** INFORMATION **
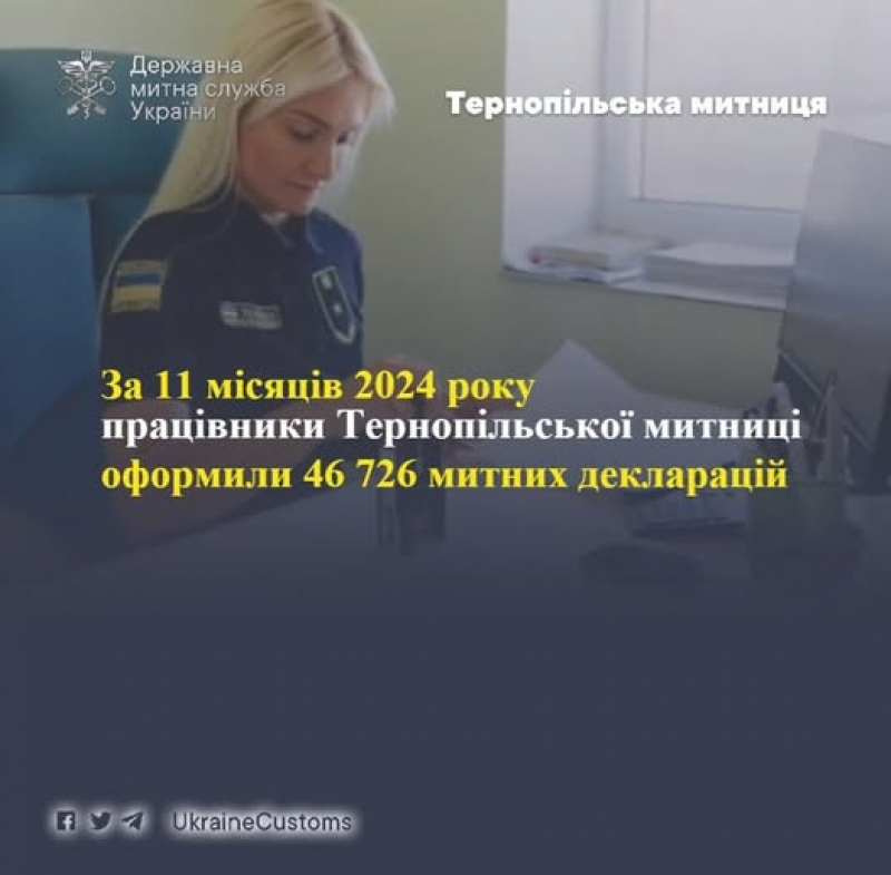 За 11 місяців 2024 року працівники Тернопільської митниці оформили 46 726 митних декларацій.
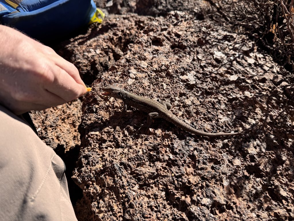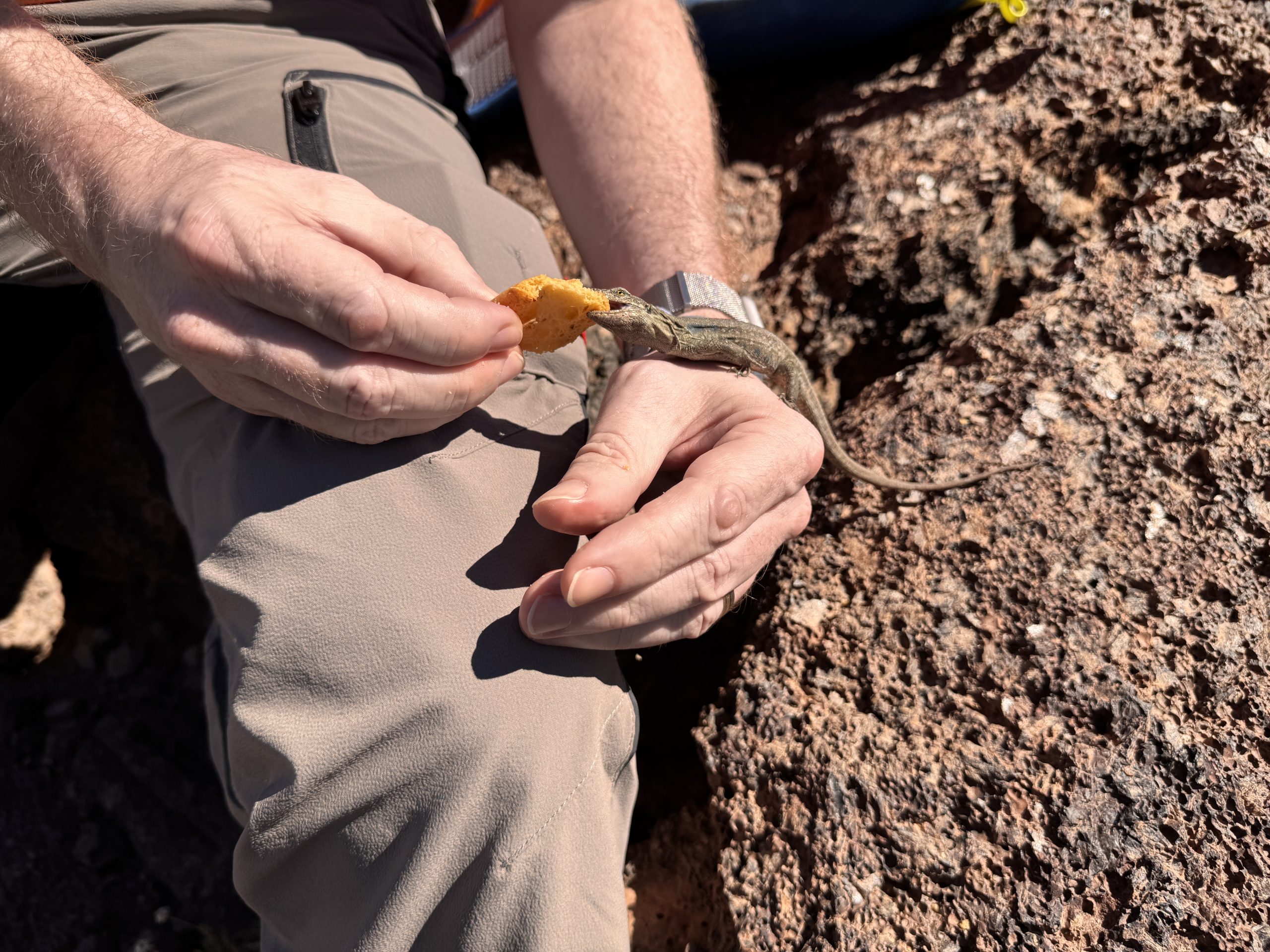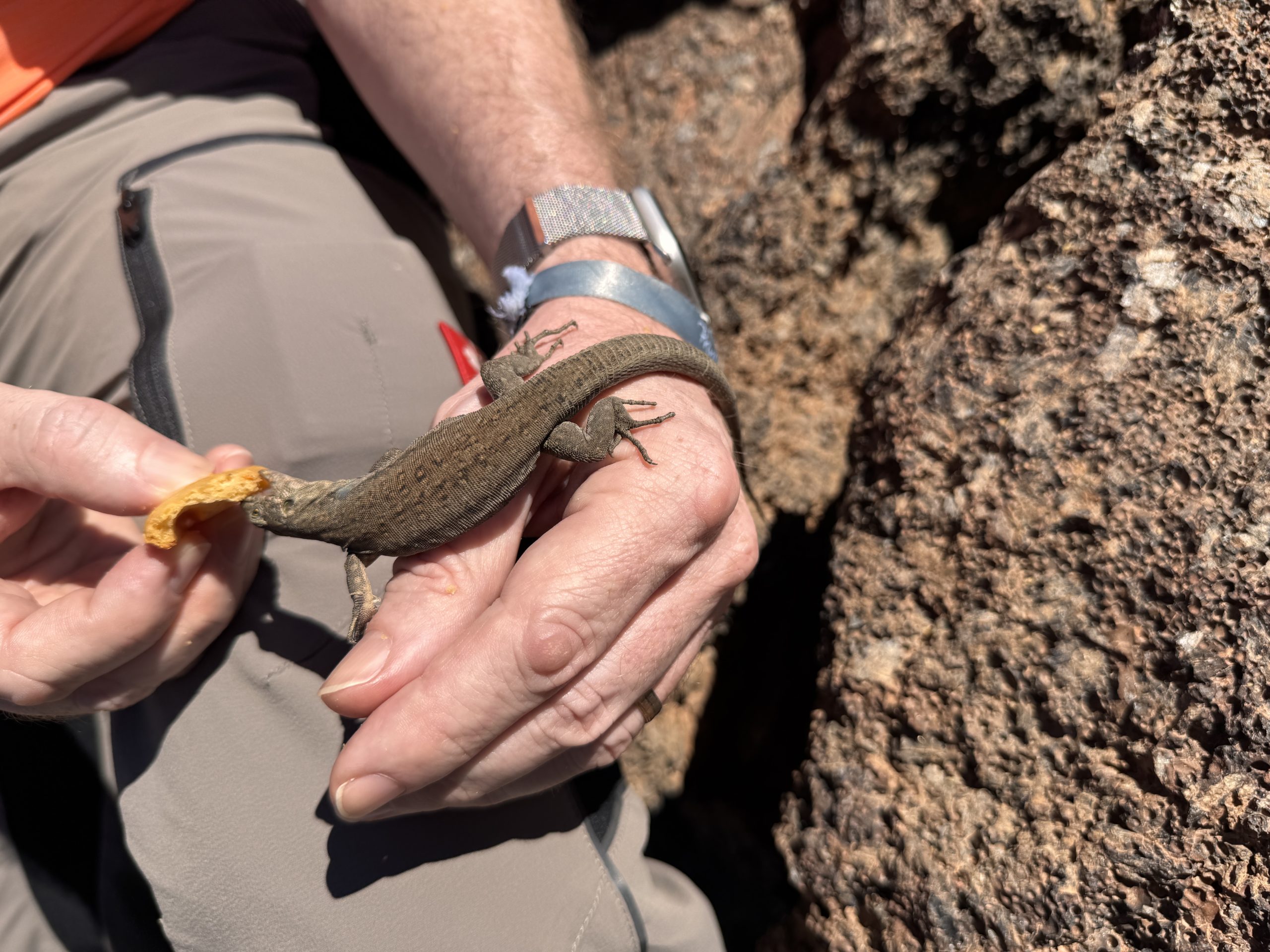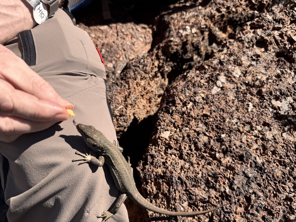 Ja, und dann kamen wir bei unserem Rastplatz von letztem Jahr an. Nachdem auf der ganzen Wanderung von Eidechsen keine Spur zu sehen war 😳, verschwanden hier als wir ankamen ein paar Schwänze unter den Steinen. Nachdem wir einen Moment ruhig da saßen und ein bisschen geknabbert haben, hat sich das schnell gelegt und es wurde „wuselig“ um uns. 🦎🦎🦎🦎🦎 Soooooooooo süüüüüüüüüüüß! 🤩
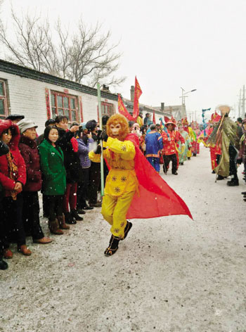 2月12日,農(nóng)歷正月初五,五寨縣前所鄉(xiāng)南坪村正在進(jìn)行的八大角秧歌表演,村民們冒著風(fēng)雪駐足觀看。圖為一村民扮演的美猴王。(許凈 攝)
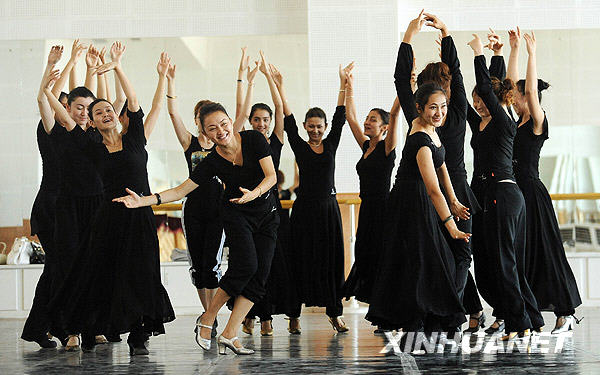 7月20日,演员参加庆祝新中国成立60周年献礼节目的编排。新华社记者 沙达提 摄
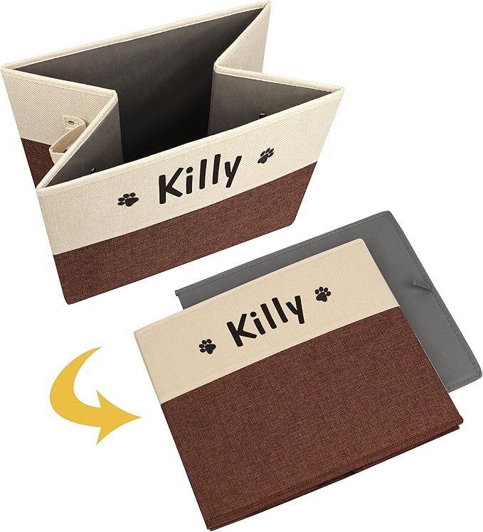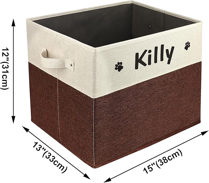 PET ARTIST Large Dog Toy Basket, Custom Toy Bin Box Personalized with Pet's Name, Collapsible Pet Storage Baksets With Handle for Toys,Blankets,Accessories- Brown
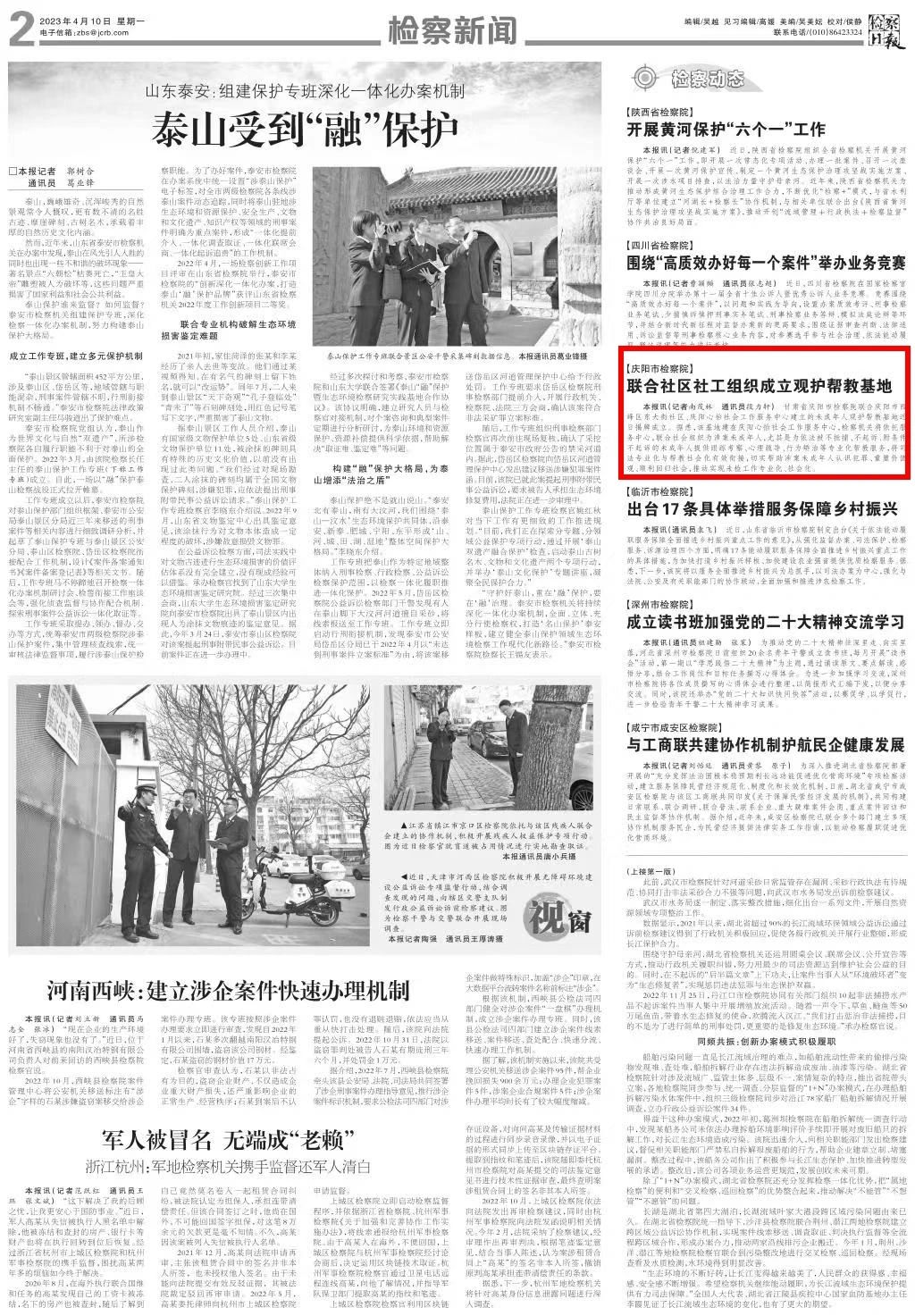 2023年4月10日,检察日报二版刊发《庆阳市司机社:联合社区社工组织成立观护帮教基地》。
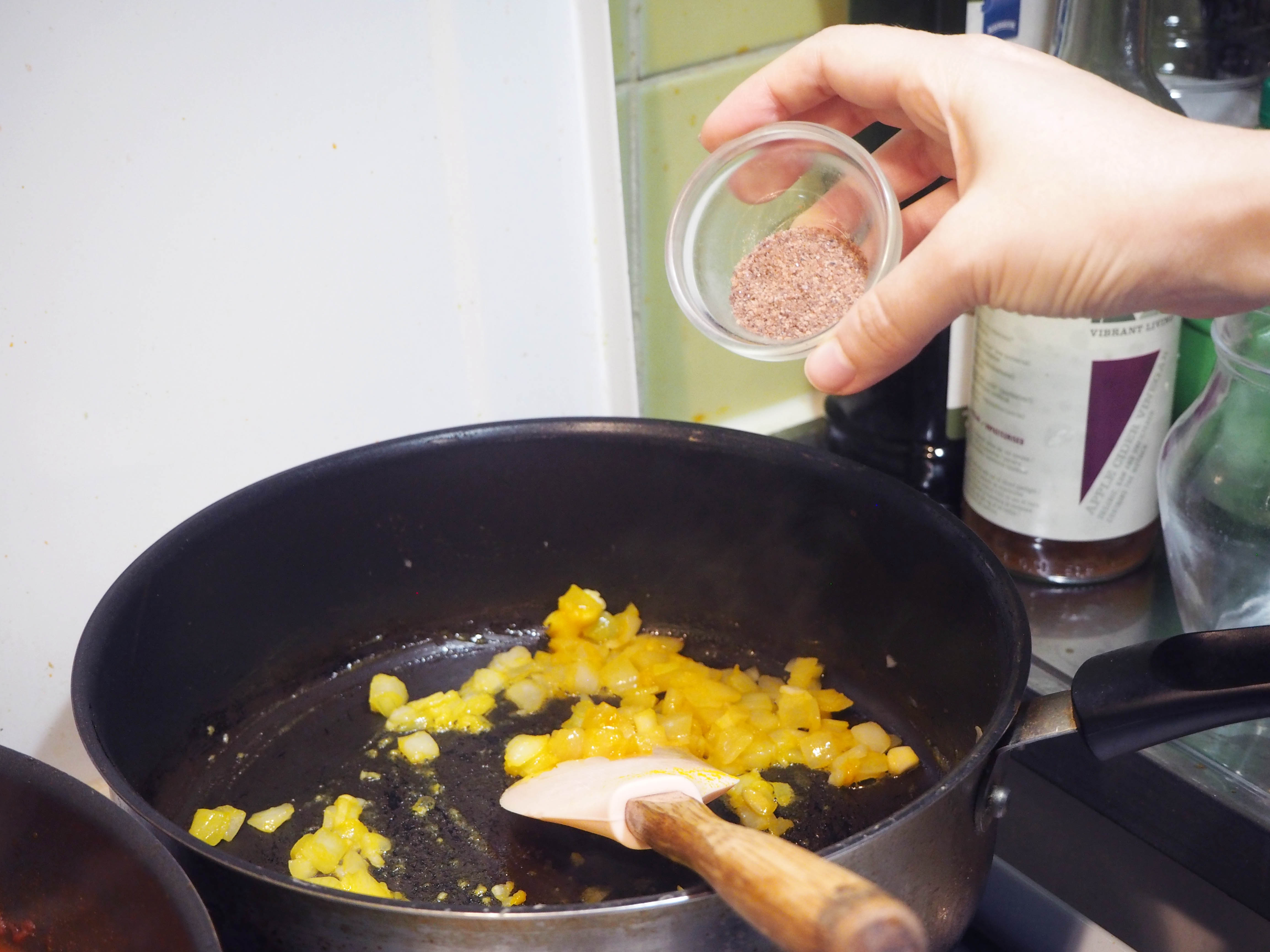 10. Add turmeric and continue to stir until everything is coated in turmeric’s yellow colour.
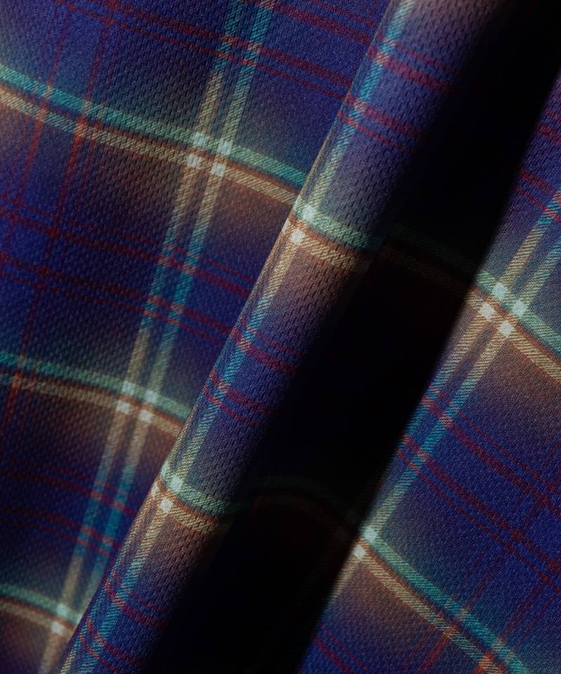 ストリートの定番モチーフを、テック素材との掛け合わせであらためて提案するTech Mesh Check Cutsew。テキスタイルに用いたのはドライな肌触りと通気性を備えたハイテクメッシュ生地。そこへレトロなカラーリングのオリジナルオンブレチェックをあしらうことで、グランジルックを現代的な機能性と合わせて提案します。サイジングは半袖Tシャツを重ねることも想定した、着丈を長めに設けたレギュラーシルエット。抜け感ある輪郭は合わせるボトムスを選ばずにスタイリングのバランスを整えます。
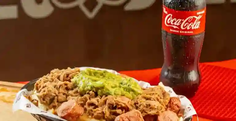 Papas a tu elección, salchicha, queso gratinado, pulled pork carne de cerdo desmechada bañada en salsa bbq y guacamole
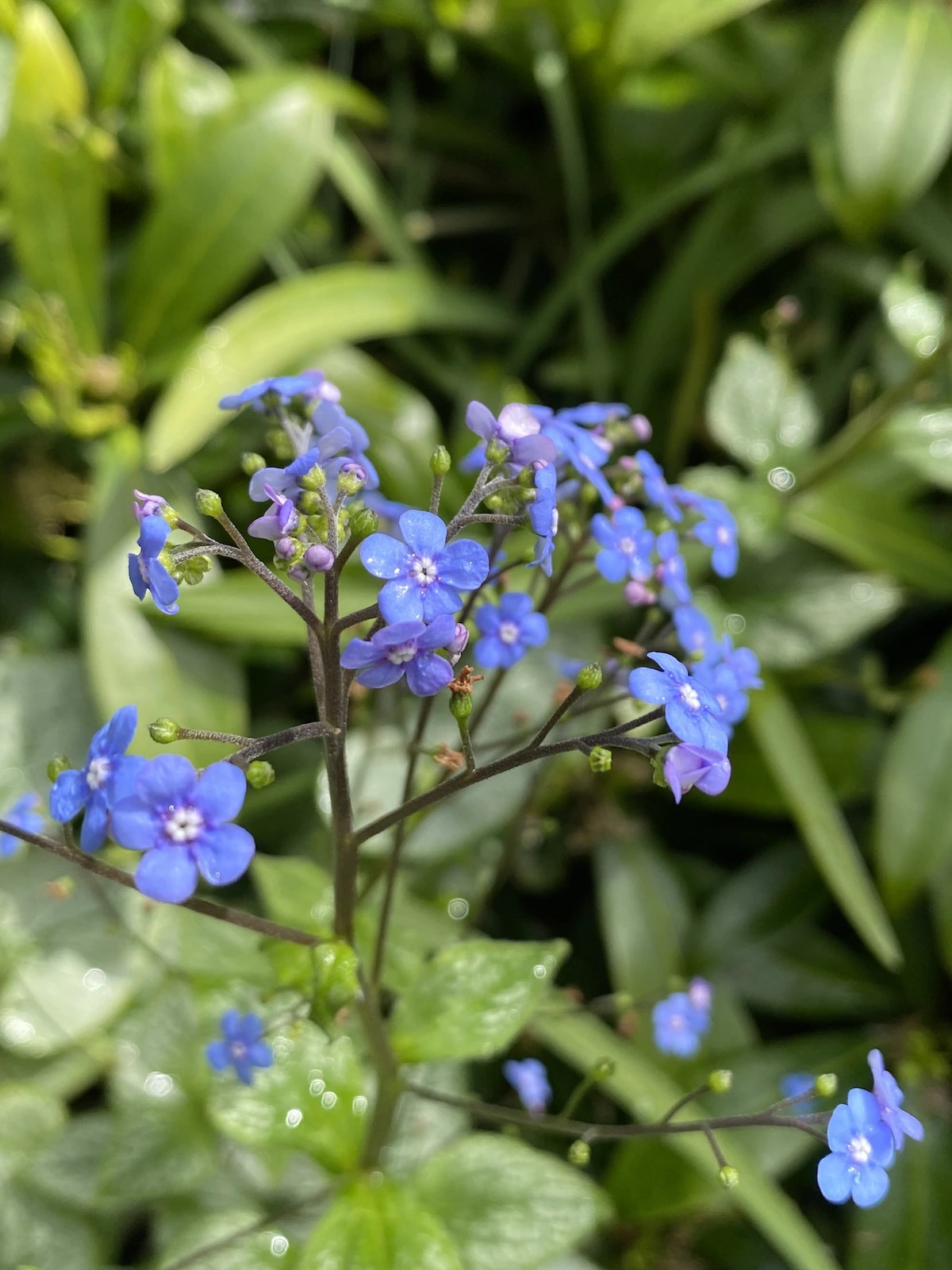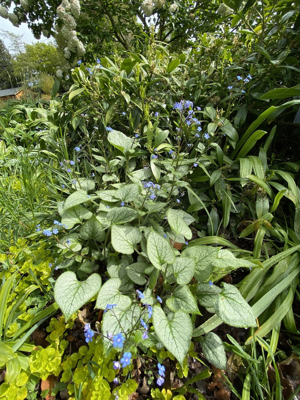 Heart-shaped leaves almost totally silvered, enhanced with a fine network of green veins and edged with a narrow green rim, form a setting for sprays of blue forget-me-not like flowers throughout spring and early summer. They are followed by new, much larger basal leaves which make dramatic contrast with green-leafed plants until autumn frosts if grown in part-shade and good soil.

** WHAT THE EXERCISE ASKS **
Would you please give the material above again, unchanged but without pictures?

** RESULT OF THIS TASK **
 За 11 місяців 2024 року працівники Тернопільської митниці оформили 46 726 митних декларацій.
 Ja, und dann kamen wir bei unserem Rastplatz von letztem Jahr an. Nachdem auf der ganzen Wanderung von Eidechsen keine Spur zu sehen war 😳, verschwanden hier als wir ankamen ein paar Schwänze unter den Steinen. Nachdem wir einen Moment ruhig da saßen und ein bisschen geknabbert haben, hat sich das schnell gelegt und es wurde „wuselig“ um uns. 🦎🦎🦎🦎🦎 Soooooooooo süüüüüüüüüüüß! 🤩
 2月12日,農(nóng)歷正月初五,五寨縣前所鄉(xiāng)南坪村正在進(jìn)行的八大角秧歌表演,村民們冒著風(fēng)雪駐足觀看。圖為一村民扮演的美猴王。(許凈 攝)
 7月20日,演员参加庆祝新中国成立60周年献礼节目的编排。新华社记者 沙达提 摄
 PET ARTIST Large Dog Toy Basket, Custom Toy Bin Box Personalized with Pet's Name, Collapsible Pet Storage Baksets With Handle for Toys,Blankets,Accessories- Brown
 2023年4月10日,检察日报二版刊发《庆阳市司机社:联合社区社工组织成立观护帮教基地》。
 10. Add turmeric and continue to stir until everything is coated in turmeric’s yellow colour.
 ストリートの定番モチーフを、テック素材との掛け合わせであらためて提案するTech Mesh Check Cutsew。テキスタイルに用いたのはドライな肌触りと通気性を備えたハイテクメッシュ生地。そこへレトロなカラーリングのオリジナルオンブレチェックをあしらうことで、グランジルックを現代的な機能性と合わせて提案します。サイジングは半袖Tシャツを重ねることも想定した、着丈を長めに設けたレギュラーシルエット。抜け感ある輪郭は合わせるボトムスを選ばずにスタイリングのバランスを整えます。
 Papas a tu elección, salchicha, queso gratinado, pulled pork carne de cerdo desmechada bañada en salsa bbq y guacamole
 Heart-shaped leaves almost totally silvered, enhanced with a fine network of green veins and edged with a narrow green rim, form a setting for sprays of blue forget-me-not like flowers throughout spring and early summer. They are followed by new, much larger basal leaves which make dramatic contrast with green-leafed plants until autumn frosts if grown in part-shade and good soil.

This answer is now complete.